4.2 Global Deaths from Earthquakes (1900-2023)

Table 2:
Overview: Earthquake deaths
Year	deaths_earthquakes
1,900	560
1,920	731,992
1,999	87,619
2,023	218,608

As shown in Table 2 the dataset used in the workshop is created to show global number of deaths due to earthquakes. Poverty, disease, hunger, climate change, war, existential risks, and inequality: The world faces many great and terrifying problems. It is these large problems that the work at Our World in Data focuses on. Our World in Data’s mission is to publish the “research and data to make progress against the world’s largest problems”.

df_disaster <- rio::import(here::here("data",
                       "earthquakes_IPHACON2024.xlsx"))

4.3 Monthly Road Traffic accidents in India (2014-2018)

Table 3:
Overview: RTAs in India
timeline	Total Accident
01/04/2014	39,867
01/08/2018	35,845
01/11/2018	38,417
01/09/2018	35,387

As shown in Table 3 the dataset used in the workshop is subset of data taken from https://data.gov.in/. It has the number of road accidents from 2014-2018 in India.

df_rta <- rio::import(here::here("data",
                       "RTA_monthly_India_IPHACON2024.csv"))

4.4 Maternal Mortality Ratio: India (2000-2020)

Table 4:
Overview: Reporting
Year	MMR
2,000	384
2,004	301
2,020	103

As shown in Table 4 the dataset used in the workshop is Maternal mortality ratio is the number of women who die from pregnancy-related causes while pregnant or within 42 days of pregnancy termination per 100,000 live births. The data are estimated with a regression model using information on the proportion of maternal deaths among non-AIDS deaths in women ages 15-49, fertility, birth attendants, and GDP measured using purchasing power parities (PPPs). The source of the dataset is WHO, UNICEF, UNFPA, World Bank Group, and UNDESA/Population Division. Trends in Maternal Mortality 2000 to 2020. Geneva, World Health Organization, 2023

df_mmr <- rio::import(here::here("data",
                       "mmr_IPHACON2024.xls"))

4.5 Campylobacter cases in Germany (2001-2011)

Table 5:
Overview: Campylobacter cases
date	case
2001-12-31 00:00:00	514
2002-01-28 00:00:00	815
2002-05-20 00:00:00	869

As shown in Table 5 the dataset used in the workshop is the counts of campylobacter cases reported in Germany between 2001 and 2011. The dataset is obtained from the surveillance package

df_campylo <- rio::import(here::here("data",
                       "campylobacter_IPHACON2024.xlsx"))

4.6 M750 data

Table 6:
Overview: M750
id	date	value
M750	1990-01-01 00:00:00	6,370
M750	1994-02-01 00:00:00	7,240
M750	2006-08-01 00:00:00	8,580
M750	2015-06-01 00:00:00	11,000

The Table 6 represents data from the fourth M Competition. M4, started on 1 January 2018 and ended in 31 May 2018. The competition included 100,000 time series datasets. This dataset includes The 750th Monthly Time Series used in the competition.

df_750 <- rio::import(here::here("data",
                       "m750_IPHACON2024.xlsx"))
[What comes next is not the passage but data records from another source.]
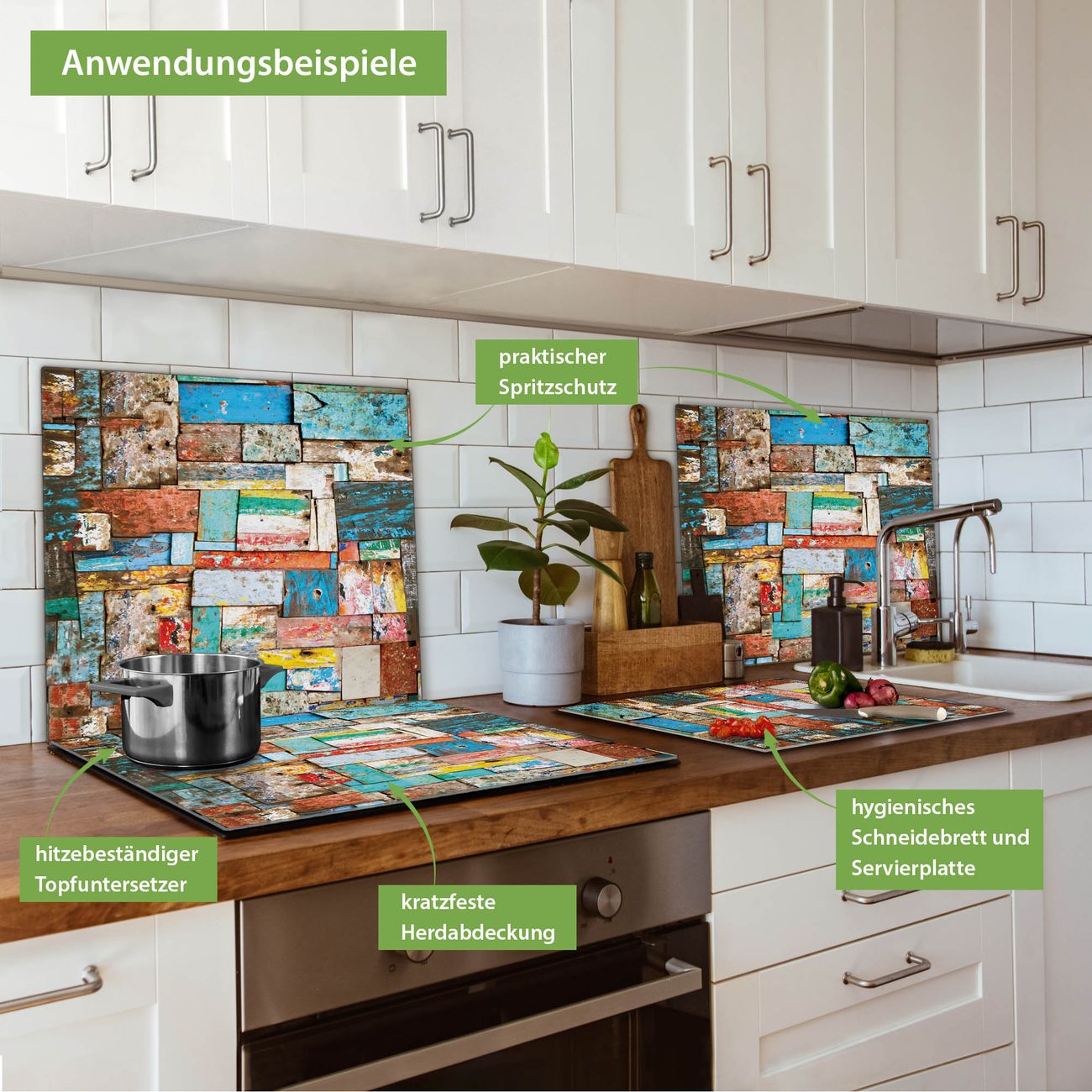 FUNKTION: Das banjado Schneidebrett mit Motiv Bunte Holzschindeln ist groß und rutschfest und damit ideal für Ihre Küche. Besonders praktisch. Das Schneidebrett ist vielseitig einsetzbar: ob als Spritzschutz hinter dem Herd für Ihre Küche oder als Glas Schneidebrett als hygienische und geruchsneutrale Unterlage. Sie können ebenfalls heiße Töpfe und Pfannen bis 100°C auf der Herdplattenabdeckung abstellen. Sie erhalten ein Multitalent für Ihre Küche. QUALITÄT: Die Schneideplatte Glas besteht aus hochwertigem, gehärtetem und hitzebeständigem Glas. Wählen Sie aus einem unserer zahlreichen Motive das passende Design für Ihre Küche aus. DETAILS: Das Schneidebrett Glas groß ist in verschiedenen Größen verfügbar. Sie erhalten separate Gumminoppen damit Ihr großes Schneidebrett rutschfest in der Küche steht. VIELSEITIG: Das Schneidebrett modern ist ein Allrounder - als Schneideunterlage Küche direkt auf dem Herd oder separat und als Spritzschutz an der Wand aufgestellt - ein praktisches Küchenutensil. BANJADO: Auf Wunsch fertigen wir das Glas Schneide Brett auch als Sondergröße an. Mehrteilige Platten sind auch möglich. Kontaktieren Sie uns gern für eine Spezialanfertigung Ihrer Glasplatte Küche.
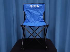 Blue Rahr & Sons folding chair with black trim.31.5 " tall
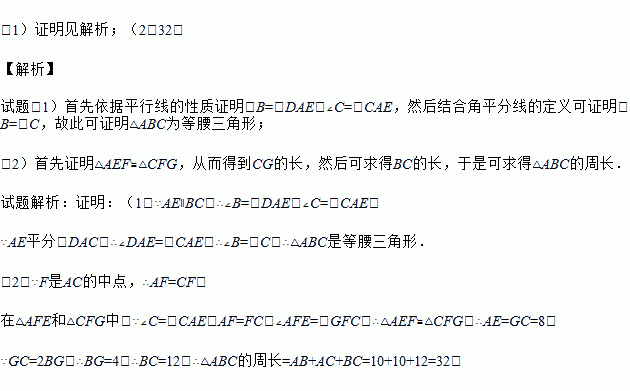 (2)若 AE=8,AB=10,GC=2BG,求△ABC 的周长.

4.7 Anti-Diabetes drug sales

Table 7:
Overview: Anti-Diabetic Drug sales
Month	TotalC
1991 Jul	3,526,591
1995 Aug	5,855,277
2003 Dec	16,503,966
2008 Feb	21,654,285

The Table 7 represents data from the fourth M Competition. M4, started on 1 January 2018 and ended in 31 May 2018. The competition included 100,000 time series datasets. This dataset includes The 750th Monthly Time Series used in the competition.

df_diab <- PBS |>
  filter(ATC2 == "A10") |>
  select(Month, Concession, Type, Cost) |>
  summarise(TotalC = sum(Cost))

4.8 COVID-19 data

We shall be using this dataset for exercises and hence is not introduced here.